The SRAP website also hosts an interactive map that it calls the “Right to Harm Action Map.” This map highlights communities and so-called grassroots organizations that oppose Concentrated Animal Feeding Operations (CAFOs).

What Farmers and Communities Can Do

Modern American agriculture is under threat from well-funded activist groups like SRAP using lawsuits, legal actions and misinformation to dismantle the very system that feeds our nation. SRAP and its network of partners are organized, well-funded, and strategic. Agriculture must be the same.

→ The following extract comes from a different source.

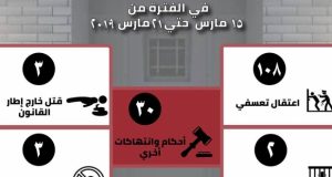 146 انتهاكًا لحقوق الإنسان فى مصر، هو مجموع ما وثَّقته التنسيقية المصرية للحقوق والحريات خلال الأسبوع المنقضي، فى الفترة من 15 مارس حتى 21 مارس 2019. وقالت المنظمة- عبر صفحتها على موقع التواصل الاجتماعي فيس بوك اليوم- إنها رصدت 146 انتهاكًا لحقوق الإنسان في مصر, تنوعت بين 108 حالات اعتقال تعسفي، وحالتي إخفاء قسري، و3 حالات من الإهمال الطبي بالسجون، ...

Here’s how farmers, ranchers, and advocates for agriculture can respond:

  1. Stay informed: Understand SRAP’s tactics and educate others and engage before misinformation takes hold in your community.
  2. Engage locally: Build trust and transparency with neighbors. Share facts about your operation’s environmental practices.
  3. Document excellence: Highlight conservation efforts, animal welfare practices, and sustainability measures on your farm.
  4. Collaborate: Support local and national agricultural advocacy organizations that defend private property rights and sound science.
  5. Speak up: Don’t allow activist groups to control the narrative. Farmers and ranchers are the original environmentalists, and their voices must be heard.

AGPROfessionals’ Commitment

At AGPROfessionals, we stand firmly with America’s farmers, ranchers, and agricultural businesses. We recognize that modern agriculture is the foundation of food security, economic vitality, and environmental stewardship.

Groups like SRAP seek to dismantle that foundation through deception, division, and litigation. Together, the agricultural community must protect our right to responsibly raise animals, steward land, and feed the world.

Because when agriculture is strong, America is strong.

About the Colorado Livestock Association Annual Meeting:

The annual meeting between the staff of the Colorado Department of Public Health and the Environment (CDPHE), the Environmental Ag Program, and members of the Colorado Livestock Association took place on October 21st. AGPROfessionals is proud to have a seat at this table.

In 2005, CLA members played a key role in establishing the Environmental Ag Program to oversee air and water quality protection regulations specific to animal feeding operations. This includes issuing permits, conducting site inspections, developing and implementing policies and regulations, providing technical assistance, and initiating enforcement actions in coordination with the Air and Water Quality Control Divisions.